DATA EXTRACTS.

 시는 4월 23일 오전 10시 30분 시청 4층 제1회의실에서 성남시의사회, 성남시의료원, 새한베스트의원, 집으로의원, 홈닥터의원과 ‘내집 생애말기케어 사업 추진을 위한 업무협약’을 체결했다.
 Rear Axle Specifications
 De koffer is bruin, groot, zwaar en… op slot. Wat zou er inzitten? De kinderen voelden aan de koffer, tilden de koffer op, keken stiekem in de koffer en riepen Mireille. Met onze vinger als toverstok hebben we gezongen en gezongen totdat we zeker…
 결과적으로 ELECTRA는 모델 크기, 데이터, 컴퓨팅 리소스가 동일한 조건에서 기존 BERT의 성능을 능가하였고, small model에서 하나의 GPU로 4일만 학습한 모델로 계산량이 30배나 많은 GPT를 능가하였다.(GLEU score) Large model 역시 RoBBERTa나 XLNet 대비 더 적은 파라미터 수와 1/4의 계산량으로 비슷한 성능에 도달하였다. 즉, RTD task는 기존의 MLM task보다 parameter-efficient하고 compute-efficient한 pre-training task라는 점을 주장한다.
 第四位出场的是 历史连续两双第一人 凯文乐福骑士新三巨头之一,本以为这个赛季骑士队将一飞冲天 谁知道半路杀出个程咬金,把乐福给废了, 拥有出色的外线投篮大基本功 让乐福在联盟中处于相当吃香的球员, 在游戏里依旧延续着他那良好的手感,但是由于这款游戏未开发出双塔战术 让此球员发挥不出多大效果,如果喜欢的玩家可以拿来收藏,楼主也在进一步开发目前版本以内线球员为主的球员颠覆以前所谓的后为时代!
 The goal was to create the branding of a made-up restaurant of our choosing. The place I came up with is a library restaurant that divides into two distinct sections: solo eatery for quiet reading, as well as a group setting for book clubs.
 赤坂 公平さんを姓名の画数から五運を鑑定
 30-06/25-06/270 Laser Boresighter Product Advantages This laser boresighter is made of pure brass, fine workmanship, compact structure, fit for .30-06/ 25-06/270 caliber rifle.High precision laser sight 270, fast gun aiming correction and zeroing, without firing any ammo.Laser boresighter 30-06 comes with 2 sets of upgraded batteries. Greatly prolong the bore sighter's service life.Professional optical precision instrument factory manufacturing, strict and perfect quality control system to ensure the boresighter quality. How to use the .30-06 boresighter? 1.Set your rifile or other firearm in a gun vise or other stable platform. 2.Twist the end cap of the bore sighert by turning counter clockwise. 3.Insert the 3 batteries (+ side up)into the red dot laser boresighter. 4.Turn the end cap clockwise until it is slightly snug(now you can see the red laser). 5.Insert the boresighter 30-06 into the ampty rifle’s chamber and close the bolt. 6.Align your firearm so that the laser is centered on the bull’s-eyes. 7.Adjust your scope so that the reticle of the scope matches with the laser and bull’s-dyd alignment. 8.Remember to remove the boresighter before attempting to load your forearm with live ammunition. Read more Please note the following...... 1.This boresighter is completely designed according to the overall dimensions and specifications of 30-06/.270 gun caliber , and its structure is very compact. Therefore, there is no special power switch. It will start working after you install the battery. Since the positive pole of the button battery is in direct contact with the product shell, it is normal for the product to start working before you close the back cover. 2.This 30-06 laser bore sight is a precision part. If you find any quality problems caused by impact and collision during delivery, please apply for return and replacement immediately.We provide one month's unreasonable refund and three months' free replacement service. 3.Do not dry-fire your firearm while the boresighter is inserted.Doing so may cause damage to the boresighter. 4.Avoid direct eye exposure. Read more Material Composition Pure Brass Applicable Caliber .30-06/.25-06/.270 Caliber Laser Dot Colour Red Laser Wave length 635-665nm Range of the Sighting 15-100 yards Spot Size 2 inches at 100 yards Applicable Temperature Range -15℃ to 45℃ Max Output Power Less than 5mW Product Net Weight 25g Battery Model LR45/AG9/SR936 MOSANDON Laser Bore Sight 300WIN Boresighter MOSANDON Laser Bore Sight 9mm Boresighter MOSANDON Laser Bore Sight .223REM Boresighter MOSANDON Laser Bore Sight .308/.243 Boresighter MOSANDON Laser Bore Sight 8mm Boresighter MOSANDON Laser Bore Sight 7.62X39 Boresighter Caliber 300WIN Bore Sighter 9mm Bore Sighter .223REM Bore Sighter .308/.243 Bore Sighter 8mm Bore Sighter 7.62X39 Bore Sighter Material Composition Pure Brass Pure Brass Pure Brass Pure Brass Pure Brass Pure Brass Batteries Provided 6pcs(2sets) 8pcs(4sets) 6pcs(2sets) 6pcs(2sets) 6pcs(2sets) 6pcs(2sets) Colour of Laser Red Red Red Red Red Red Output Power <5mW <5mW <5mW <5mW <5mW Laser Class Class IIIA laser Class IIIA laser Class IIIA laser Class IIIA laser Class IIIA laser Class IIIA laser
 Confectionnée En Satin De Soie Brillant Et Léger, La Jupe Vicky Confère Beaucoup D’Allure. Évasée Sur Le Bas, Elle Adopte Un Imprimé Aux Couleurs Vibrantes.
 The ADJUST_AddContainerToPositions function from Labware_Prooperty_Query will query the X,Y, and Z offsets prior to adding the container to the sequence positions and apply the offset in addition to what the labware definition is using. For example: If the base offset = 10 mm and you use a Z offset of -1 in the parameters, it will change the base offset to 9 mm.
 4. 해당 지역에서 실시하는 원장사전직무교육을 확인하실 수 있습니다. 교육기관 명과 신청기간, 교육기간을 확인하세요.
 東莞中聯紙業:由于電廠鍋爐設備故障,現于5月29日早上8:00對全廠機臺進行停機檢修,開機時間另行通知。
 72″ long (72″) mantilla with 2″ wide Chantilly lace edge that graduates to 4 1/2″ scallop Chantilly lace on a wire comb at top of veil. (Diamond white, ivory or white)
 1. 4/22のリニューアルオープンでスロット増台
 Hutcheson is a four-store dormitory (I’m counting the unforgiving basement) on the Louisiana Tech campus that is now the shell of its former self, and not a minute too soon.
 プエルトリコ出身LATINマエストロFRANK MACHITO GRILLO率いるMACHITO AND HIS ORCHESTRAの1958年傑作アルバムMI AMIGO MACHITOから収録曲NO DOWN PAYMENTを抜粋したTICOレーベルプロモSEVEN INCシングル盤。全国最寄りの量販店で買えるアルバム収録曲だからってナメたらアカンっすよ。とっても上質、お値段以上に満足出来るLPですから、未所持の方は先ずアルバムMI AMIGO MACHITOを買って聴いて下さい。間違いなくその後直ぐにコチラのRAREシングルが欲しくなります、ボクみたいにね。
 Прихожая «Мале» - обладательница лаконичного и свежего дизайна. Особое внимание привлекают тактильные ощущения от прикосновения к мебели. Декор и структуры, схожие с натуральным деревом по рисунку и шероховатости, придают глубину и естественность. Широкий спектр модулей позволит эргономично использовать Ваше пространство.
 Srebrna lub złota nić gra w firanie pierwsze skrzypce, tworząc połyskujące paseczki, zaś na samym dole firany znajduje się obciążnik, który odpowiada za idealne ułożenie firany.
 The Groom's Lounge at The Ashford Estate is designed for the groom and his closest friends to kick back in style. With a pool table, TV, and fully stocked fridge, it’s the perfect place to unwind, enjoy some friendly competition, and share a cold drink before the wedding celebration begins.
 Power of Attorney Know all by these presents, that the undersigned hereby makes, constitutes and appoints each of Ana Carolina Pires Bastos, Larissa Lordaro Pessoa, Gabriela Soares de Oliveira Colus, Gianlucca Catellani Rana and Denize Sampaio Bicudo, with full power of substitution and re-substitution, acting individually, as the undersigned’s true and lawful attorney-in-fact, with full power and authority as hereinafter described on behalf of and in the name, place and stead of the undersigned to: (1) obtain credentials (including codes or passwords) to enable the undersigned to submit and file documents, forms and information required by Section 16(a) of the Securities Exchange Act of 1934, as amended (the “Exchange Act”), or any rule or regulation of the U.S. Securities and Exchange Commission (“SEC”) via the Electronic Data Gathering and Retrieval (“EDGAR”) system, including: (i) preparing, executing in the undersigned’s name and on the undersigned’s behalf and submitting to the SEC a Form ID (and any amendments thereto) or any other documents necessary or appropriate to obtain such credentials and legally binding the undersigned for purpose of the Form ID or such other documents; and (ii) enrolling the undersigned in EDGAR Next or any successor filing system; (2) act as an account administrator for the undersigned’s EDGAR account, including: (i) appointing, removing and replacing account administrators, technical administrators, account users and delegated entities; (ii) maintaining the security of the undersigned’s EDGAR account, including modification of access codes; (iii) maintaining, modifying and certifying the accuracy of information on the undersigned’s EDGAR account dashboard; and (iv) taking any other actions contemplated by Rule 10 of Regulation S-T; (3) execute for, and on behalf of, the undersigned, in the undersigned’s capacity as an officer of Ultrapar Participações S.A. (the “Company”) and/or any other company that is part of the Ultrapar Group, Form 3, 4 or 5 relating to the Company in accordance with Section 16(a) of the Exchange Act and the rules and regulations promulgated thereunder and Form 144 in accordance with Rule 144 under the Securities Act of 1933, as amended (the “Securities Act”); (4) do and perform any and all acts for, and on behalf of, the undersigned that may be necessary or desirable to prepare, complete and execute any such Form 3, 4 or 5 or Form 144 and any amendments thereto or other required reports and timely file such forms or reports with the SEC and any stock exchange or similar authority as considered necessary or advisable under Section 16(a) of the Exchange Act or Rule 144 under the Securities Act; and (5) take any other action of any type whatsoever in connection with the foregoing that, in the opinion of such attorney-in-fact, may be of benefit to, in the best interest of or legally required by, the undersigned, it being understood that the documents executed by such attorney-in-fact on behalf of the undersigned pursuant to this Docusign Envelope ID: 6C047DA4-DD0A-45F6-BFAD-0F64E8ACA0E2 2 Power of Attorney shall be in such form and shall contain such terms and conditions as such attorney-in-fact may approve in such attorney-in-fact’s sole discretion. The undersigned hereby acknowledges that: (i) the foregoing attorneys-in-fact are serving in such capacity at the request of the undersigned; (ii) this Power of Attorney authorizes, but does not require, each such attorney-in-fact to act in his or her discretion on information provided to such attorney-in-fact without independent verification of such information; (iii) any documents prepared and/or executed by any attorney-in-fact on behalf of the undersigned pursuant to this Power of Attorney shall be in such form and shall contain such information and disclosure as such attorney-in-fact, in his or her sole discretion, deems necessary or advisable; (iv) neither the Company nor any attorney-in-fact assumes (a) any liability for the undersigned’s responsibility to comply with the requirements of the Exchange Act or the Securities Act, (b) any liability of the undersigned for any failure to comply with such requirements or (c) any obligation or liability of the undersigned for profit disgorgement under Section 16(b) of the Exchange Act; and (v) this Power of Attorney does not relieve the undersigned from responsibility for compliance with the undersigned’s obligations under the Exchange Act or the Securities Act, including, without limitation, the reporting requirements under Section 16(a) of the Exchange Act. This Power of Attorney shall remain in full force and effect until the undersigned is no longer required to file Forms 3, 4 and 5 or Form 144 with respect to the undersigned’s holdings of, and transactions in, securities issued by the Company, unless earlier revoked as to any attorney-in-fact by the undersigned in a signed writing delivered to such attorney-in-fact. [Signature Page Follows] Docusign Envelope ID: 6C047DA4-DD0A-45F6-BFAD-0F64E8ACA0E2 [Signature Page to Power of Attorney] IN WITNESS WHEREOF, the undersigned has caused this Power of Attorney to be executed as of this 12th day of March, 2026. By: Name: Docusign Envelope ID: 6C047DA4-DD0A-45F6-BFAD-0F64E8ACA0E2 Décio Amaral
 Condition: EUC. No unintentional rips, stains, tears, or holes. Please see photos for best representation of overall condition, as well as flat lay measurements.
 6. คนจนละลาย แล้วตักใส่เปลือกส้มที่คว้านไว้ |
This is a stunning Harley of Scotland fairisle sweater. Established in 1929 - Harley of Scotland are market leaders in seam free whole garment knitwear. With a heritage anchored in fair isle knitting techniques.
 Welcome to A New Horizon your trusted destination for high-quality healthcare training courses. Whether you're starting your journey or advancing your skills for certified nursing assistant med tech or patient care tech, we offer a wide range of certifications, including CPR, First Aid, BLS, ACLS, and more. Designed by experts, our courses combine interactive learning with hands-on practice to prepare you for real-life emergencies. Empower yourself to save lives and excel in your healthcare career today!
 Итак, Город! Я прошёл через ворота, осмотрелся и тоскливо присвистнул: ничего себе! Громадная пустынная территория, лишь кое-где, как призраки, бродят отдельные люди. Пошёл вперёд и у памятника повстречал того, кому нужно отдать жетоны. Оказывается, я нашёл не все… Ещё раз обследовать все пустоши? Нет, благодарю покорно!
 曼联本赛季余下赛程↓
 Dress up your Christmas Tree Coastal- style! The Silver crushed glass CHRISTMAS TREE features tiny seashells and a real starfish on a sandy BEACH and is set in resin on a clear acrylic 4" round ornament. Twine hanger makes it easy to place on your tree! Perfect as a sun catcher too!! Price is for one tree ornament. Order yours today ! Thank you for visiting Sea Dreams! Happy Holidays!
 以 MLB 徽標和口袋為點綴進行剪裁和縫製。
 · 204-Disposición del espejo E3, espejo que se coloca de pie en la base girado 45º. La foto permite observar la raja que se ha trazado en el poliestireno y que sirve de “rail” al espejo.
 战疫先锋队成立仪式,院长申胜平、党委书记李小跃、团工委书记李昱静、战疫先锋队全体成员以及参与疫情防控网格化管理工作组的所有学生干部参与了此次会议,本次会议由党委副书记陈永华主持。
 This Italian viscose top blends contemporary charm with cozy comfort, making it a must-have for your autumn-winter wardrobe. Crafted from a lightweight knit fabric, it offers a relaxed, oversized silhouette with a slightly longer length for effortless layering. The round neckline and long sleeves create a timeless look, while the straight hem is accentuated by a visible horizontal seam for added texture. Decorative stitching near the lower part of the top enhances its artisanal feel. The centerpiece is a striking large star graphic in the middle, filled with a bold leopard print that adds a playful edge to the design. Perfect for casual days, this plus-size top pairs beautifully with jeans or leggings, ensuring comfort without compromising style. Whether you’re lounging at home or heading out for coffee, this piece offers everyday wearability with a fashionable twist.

EXERCISE PROMPT. In the data above, start at the line that has "The ADJUST_AddContainerToPositions function", stop after the line that has "1. 4/22のリニューアルオープンでスロット増台", and print every line in between exactly as it stands.

TASK SOLUTION.
 The ADJUST_AddContainerToPositions function from Labware_Prooperty_Query will query the X,Y, and Z offsets prior to adding the container to the sequence positions and apply the offset in addition to what the labware definition is using. For example: If the base offset = 10 mm and you use a Z offset of -1 in the parameters, it will change the base offset to 9 mm.
 4. 해당 지역에서 실시하는 원장사전직무교육을 확인하실 수 있습니다. 교육기관 명과 신청기간, 교육기간을 확인하세요.
 東莞中聯紙業:由于電廠鍋爐設備故障,現于5月29日早上8:00對全廠機臺進行停機檢修,開機時間另行通知。
 72″ long (72″) mantilla with 2″ wide Chantilly lace edge that graduates to 4 1/2″ scallop Chantilly lace on a wire comb at top of veil. (Diamond white, ivory or white)
 1. 4/22のリニューアルオープンでスロット増台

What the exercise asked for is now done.